Please bring this fast and amazing flawless model to Video AI, Photo AI, and Gigapixel AI

official site:

github:

some demos:

papers:

Chinese introduction (some demos):
https://www.siat.ac.cn/siatxww/kyjz/202507/t20250729_7897872.html


i use Grok to translate the Chinese introduction into English:

The field of image restoration has long faced a dilemma: pursuing high quality often comes at the cost of lengthy processing times, while prioritizing speed sacrifices fine details. How can an old photo be restored both quickly and effectively?

On July 28, the team led by Researcher Dong Chao from the Shenzhen Institute of Advanced Technology, Chinese Academy of Sciences, unveiled a large-scale image restoration model named HYPIR. This model not only outperforms existing image restoration techniques by being dozens of times faster but also excels in high-resolution output, text fidelity, comprehension, and user control flexibility. It offers a more efficient solution for practical applications in image restoration, opening new possibilities for cultural preservation, film restoration, and other fields.

Breaking Through Traditional Technical Bottlenecks for More Efficient Image Restoration

Traditional methods, particularly those based on pretrained diffusion models, have significantly improved image restoration outcomes but are hindered by high computational complexity, slow inference speeds, substantial training resource demands, and limited controllability of results. These issues have been bottlenecks restricting the development of image restoration technology.

Last year, Dong Chao’s team introduced SUPIR, an intelligent image enhancement model capable of restoring low-quality images to near-original high-definition quality, effectively addressing various types of degradation. The new HYPIR model, an upgraded version, abandons the iterative diffusion model training approach in favor of a single-step adversarial generative model training method. This change boosts algorithmic speed by several times while leveraging an updated text-to-image base model to further enhance performance, achieving 8K-level detail generation and surpassing SUPIR in stability and controllability.

“Previous image restoration methods often involved diffusion model distillation, ControlNet adapters, or multi-step inference processes. HYPIR, however, eliminates the need for these steps, making it simpler to use. It achieves an order-of-magnitude improvement in training and inference speed compared to traditional methods, with superior performance,” Dong explained. HYPIR’s innovations include initializing the restoration network with a pretrained diffusion model and providing a theoretical explanation for the profound principles behind this simple approach.

Experimental data shows that on a single graphics card (GPU), HYPIR can restore a 1024x1024 resolution image in just 1.7 seconds. Compared to existing methods, HYPIR delivers superior image restoration quality and is adaptable to pretrained diffusion models of various sizes, offering flexibility for different application scenarios.

Outstanding Performance and Broad Application Prospects

In practical applications, HYPIR demonstrates exceptional performance in high-resolution image restoration, text fidelity, comprehension, and user control flexibility.

For instance, in old photo restoration, the team used HYPIR to restore images from classic domestic and international films and TV series, bringing blurred visuals back to life with clear details, providing technical support for preserving cultural memories. In high-resolution image restoration, HYPIR excels by overcoming the traditional trade-off between speed and quality, successfully generating 8K-resolution images efficiently.

In terms of text fidelity, traditional diffusion-based methods often produce blurry or distorted text, lacking precision. HYPIR, however, ensures high-fidelity and clear text restoration, accurately reproducing everything from simple labels to complex documents, making text in images sharp and readable.

Notably, HYPIR also boasts impressive natural language understanding capabilities, accurately interpreting user instructions and reflecting their intentions during the restoration process. Users can flexibly adjust the balance between generation and restoration or fine-tune the level of detail to achieve results tailored to their preferences. This user-friendly design makes HYPIR suitable for both professional and general users.

HYPIR not only showcases innovation in image restoration technology but also reflects an understanding of real-world application needs.

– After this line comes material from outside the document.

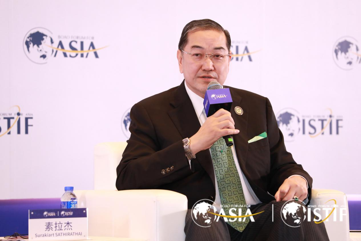 分論壇由博鰲亞洲論壇政策顧問、新聞發言人扎法爾主持,博鰲亞洲論壇理事、泰國前副總理素拉杰,斯里蘭卡外交部輔秘古納塞克斯,博鰲亞洲論壇粵港澳大灣區建設澳門委員會主席梁維特圍繞一帶一路話題展開討論。

By breaking free from conventional thinking, it provides practical solutions for cultural preservation, film restoration, and high-resolution image generation, injecting new vitality into the field.

Dong Chao’s team has long been dedicated to fundamental vision technology research, achieving multiple breakthroughs in image processing and publishing the AI monograph The Beauty of Low-Level Vision. For Dong, research requires “three hearts”: curiosity, integrity, and a commitment to the greater good. “True scientific achievements must respect factual truth and withstand rigorous scrutiny,” he said. The open-source code and model for HYPIR have been uploaded to GitHub (HYPIR homepage: https://hypir.xpixel.group) and successfully deployed on the Mingxi Technology platform. In collaboration with the Shenzhen Nanshan District Archives, the team has restored some archived photos, with plans to further advance HYPIR’s industrialization, allowing the public to experience the charm of this technology firsthand.